Physical Examination

Physical examination revealed a firm erythematous-violaceous tumor lesion of 20 mm in diameter on the gum adjacent to the lower second right molar (Fig. 1). No other abnormalities were noted in the mouth.

Figure 1

(0.07MB).

Histopathology

Histopathology revealed a gingival mucosa formed of a stratified squamous epithelium with no significant abnormalities. The superficial dermis was totally occupied by an inflammatory infiltrate characterized by a connective-tissue stroma containing numerous multinucleated giant osteoclastic cells, immature mesenchymal cells, and a mild, predominantly mononuclear infiltrate. Abundant capillaries with foci of extravasated red blood cells and hemosiderin deposits were also seen (Figs. 2 and 3).

Figure 2.

Hematoxylin-eosin, original magnification x20.

(0.11MB).

Figure 3.

Hematoxylin-eosin, original magnification x200.

(0.13MB).

Additional Tests

Orthopantomography showed no underlying bone abnormalities. There were no significant alterations in the blood count and biochemistry, and thyroid and parathyroid hormone studies were normal.

What Is Your diagnosis?

Diagnosis

Peripheral giant cell granuloma (PGCG).

Clinical Course

The lesion was excised by the maxillofacial surgery service and the patient remained asymptomatic 6 months after surgery.

Comment

In 1953, Jaffe1 used the term “giant cell reparative granuloma” to define a form of benign reactive tumor and to distinguish it from more aggressive giant-cell tumors that appear in the metaphyses of the long bones and that can metastasize in 2% of cases. PGCG is a giant-cell epulis or giant-cell granuloma that appears in the oral cavity and consists of a smooth-surfaced erythematous-violaceous gingival tumor of rapid growth adjacent to the bone. It typically arises in the mandibular mucosa, although it can also develop in the maxillary region; there have been very rare cases in other locations such as the nasal mucosa.2 This rare disease is most common in men of less than 30 years of age, with very occasional reports in children3; it has also been described in the elderly, related to friction from dental protheses.4 These lesions are thought to occur as a reaction to infection, trauma, or constant friction.1,3,4

Clinically, the differential diagnosis should include pyogenic granuloma (which tends to be softer and more prone to bleeding), irritation fibroma (slower growing and also found at other sites, including the cheek and lips), and venous malformations of the mouth (typically present from an early age).

Histologically, PGCG is characterized by osteoclast-like multinucleated giant cells surrounded by an inflammatory infiltrate in the stroma.
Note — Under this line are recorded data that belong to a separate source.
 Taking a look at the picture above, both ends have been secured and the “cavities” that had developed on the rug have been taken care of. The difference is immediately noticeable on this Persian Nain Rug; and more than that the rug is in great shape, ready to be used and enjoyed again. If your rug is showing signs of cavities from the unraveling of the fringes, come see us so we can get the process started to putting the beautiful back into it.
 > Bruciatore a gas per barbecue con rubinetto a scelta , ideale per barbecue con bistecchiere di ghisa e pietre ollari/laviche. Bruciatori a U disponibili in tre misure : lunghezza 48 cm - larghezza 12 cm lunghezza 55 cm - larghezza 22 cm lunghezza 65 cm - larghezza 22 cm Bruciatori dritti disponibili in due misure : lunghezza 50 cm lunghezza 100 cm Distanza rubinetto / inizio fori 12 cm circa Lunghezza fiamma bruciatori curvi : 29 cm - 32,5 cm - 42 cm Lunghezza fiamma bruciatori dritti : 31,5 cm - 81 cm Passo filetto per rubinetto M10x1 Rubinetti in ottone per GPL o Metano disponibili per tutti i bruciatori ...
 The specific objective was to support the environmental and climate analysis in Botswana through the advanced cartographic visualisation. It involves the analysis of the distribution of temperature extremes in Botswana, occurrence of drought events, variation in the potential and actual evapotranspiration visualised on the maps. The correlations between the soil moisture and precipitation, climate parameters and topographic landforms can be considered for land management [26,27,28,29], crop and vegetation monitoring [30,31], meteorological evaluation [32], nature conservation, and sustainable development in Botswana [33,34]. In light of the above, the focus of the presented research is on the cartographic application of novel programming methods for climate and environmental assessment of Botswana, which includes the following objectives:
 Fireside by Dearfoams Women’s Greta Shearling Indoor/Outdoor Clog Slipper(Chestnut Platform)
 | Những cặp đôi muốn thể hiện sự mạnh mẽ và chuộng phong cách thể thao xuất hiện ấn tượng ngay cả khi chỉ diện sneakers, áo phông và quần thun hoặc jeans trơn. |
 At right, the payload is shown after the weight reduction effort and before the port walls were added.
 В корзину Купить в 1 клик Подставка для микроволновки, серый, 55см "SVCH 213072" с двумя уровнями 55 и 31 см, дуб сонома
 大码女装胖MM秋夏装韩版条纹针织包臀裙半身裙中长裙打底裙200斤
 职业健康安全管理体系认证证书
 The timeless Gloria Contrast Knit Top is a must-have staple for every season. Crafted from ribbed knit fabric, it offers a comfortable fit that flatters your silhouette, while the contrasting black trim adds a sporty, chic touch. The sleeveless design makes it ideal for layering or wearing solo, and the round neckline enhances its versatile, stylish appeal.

The differential diagnosis must therefore include central giant cell granuloma as this disease presents the same histological characteristics with the added feature of underlying bone involvement, which appears as a radiolucent area on orthopantomography.1,5 Another similar lesion is the “brown tumor” (osteoclastoma) of hyperparathyroidism and it is therefore necessary to determine the calcium, phosphorous, and parathyroid hormone levels in these patients.1

Surgery is the most widely used treatment and outcomes are good, though with some recurrences.1,5,6 Medical treatments have been published in the form of anecdotal reports or case series, above all for central giant-cell granuloma. Intralesional injection of corticosteroids tends to reduce the size of the lesion.6 Oral or intranasal calcitonin has been used with excellent results.6 Other treatments include interferon alfa, imatinib, or a combination of the two. However, there have been no comparative studies of the various treatments to determine whether they are as effective as surgical excision.6

Conflicts of Interest

The authors declare that they have no conflicts of interest.

References

[1]

J.M. Gándara, J.L. Pacheco, P. Gándara, A. Blanco, A. García, P. Madriñán, et al.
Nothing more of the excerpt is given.